Hello, this may already have an answer, but here goes:
I am working on solving geometric equations for Ray-Ellipse intersections. a ray here would be a line that ends at a given point. the Equations I am using are as follows: $$Ellipse:\frac{(x-h)²}{a²} + \frac{(y - k)²}{b²} = 1$$ $$Ray:\begin{cases}x = o_1 + m v_1 \\\\y = o_2 + mv_2\end{cases}, m < 0$$ $$O = (o_1, o_2), V = \begin{bmatrix} v_1 \\\\ v_2 \end{bmatrix}$$ a = eccentricity in X, b = eccentricity in Y, h and k are distance from origin in X and Y.
To simplify the algebra: $$y = cx+d , c = \frac{v_2}{v_1}, d = o_2 - c*o_1$$ Solving for X and Y, I have found an equation I won't bother writing here(mostly due to the current version likely being wrong), I get an equation with 6 unknown parameters excluding x and y. And no, I cannot replace the parameters due to the equations being used in code with code-generated parameters.

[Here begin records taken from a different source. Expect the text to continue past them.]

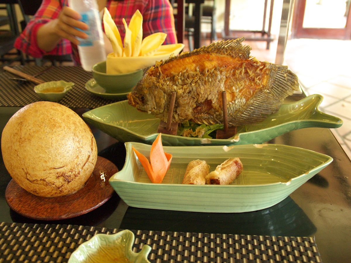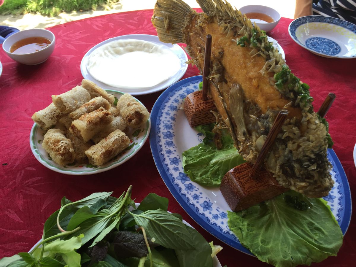 メコン川のクルーズはベトナムの戦争映画に出てくるような景色で面白かったですが、中洲の島も大きな蛇がいたり、歌や果物でのもてなしがあったり中々楽しかったです。この島で見たエレファントフィッシュのから揚げが昼食に出てきて、鯛のような触感で美味しかったです。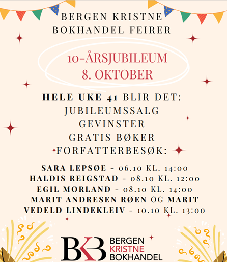 Bergen Kristne Bokhandel (BKB) har 10-årsjubileum 8.oktober. Dette feires i uke 41 med jubileumssalg og forfatterbesøk blant annet.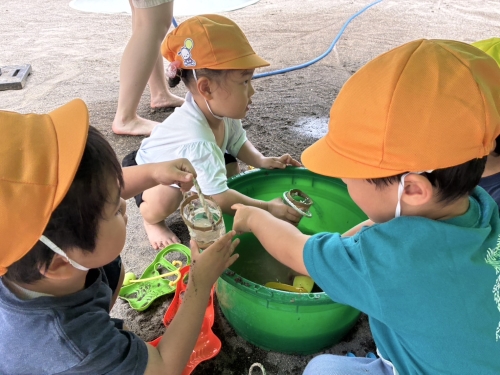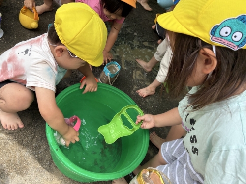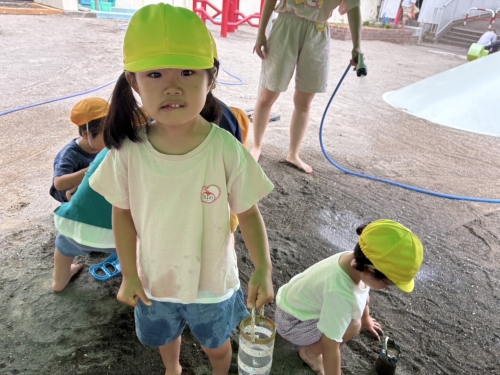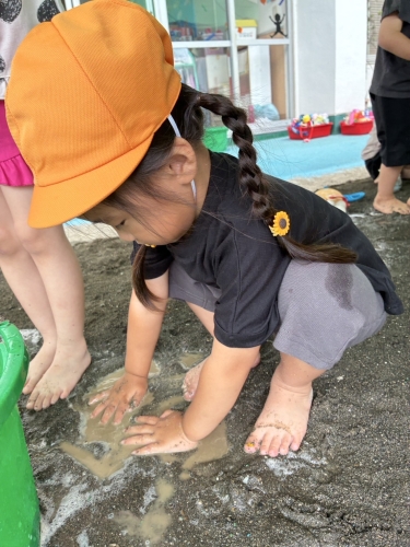 ジョウロやシャベルを使い、地面を濡らしたり、友達の足に掛けてあげて楽しむ姿もありました![]()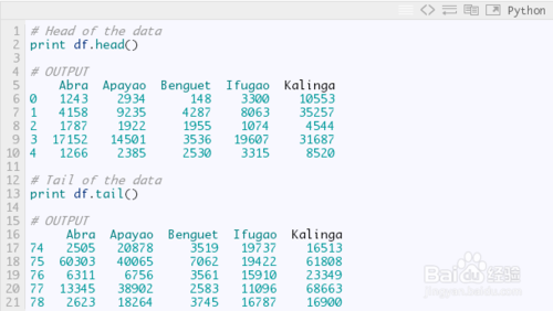对R语言程序员来说,上述操作等价于通过print(head(df))来打印数据的前6行,以及通过print(tail(df))来打印数据的后6行。当然Python中,默认打印是5行,而R则是6行。因此R的代码head(df, n = 10),在Python中就是df.head(n = 10),打印数据尾部也是同样道理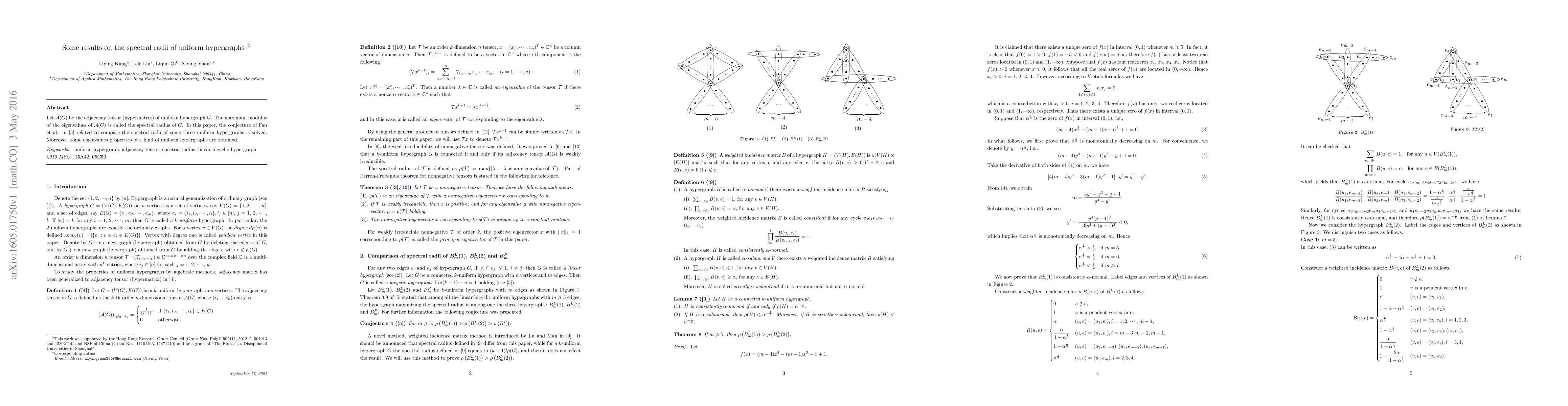 This paper resolves a conjecture comparing the spectral radii of specific three uniform hypergraphs and presents new eigenvalue properties of a particular class of uniform hypergraphs, utilizing the adjacency tensor to determine these spectral radii.
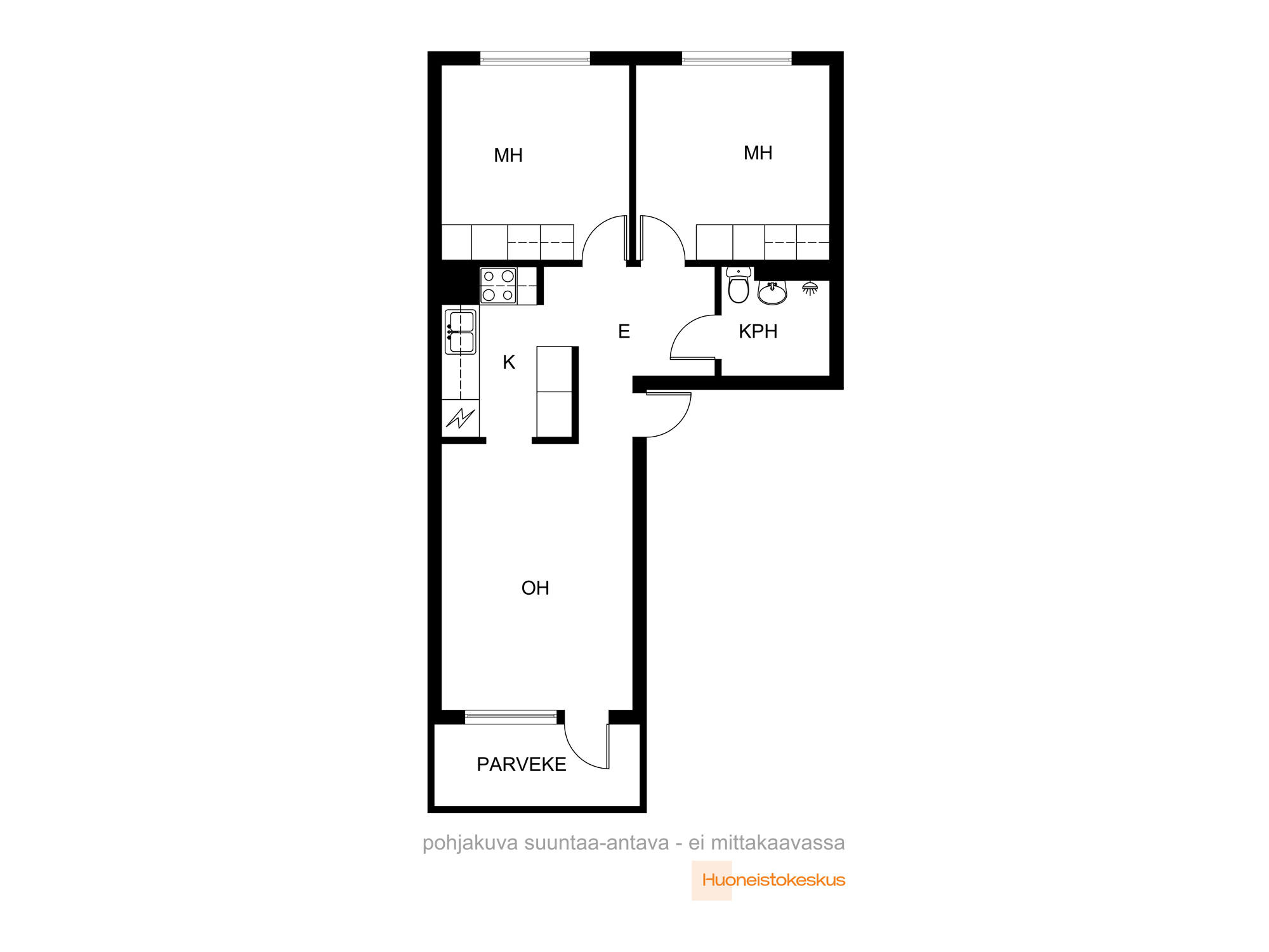 2 mh, oh, kk, kph, et, lasit. parveke |

I have already tried using Wolfram Mathworld, but the generated equations are useless for my application. Similarly, when using Geogebra to compare generated coordinates with the intersect function, The program acts up and is very hard to use.
Is there any alternative, or better way of doing this?
The equations need to have a degree of error that is as low as possible, due to the error from the calculations accumulating through tens and possibly hundreds of iterations.
Sorry for the text wall, and a good day to whoever reads this.

Answer 1

How do you have six unknowns, not including $x,y$? Do you not know what ellipse and what ray you are intersecting? If so, then what DO you know?

I am going to assume that you are misunderstanding what "unknown" means here. If a parameter is something that will be provided to you when you actually need to calculate a number, then it is a known parameter, even if you do not know right now what that parameter value will be.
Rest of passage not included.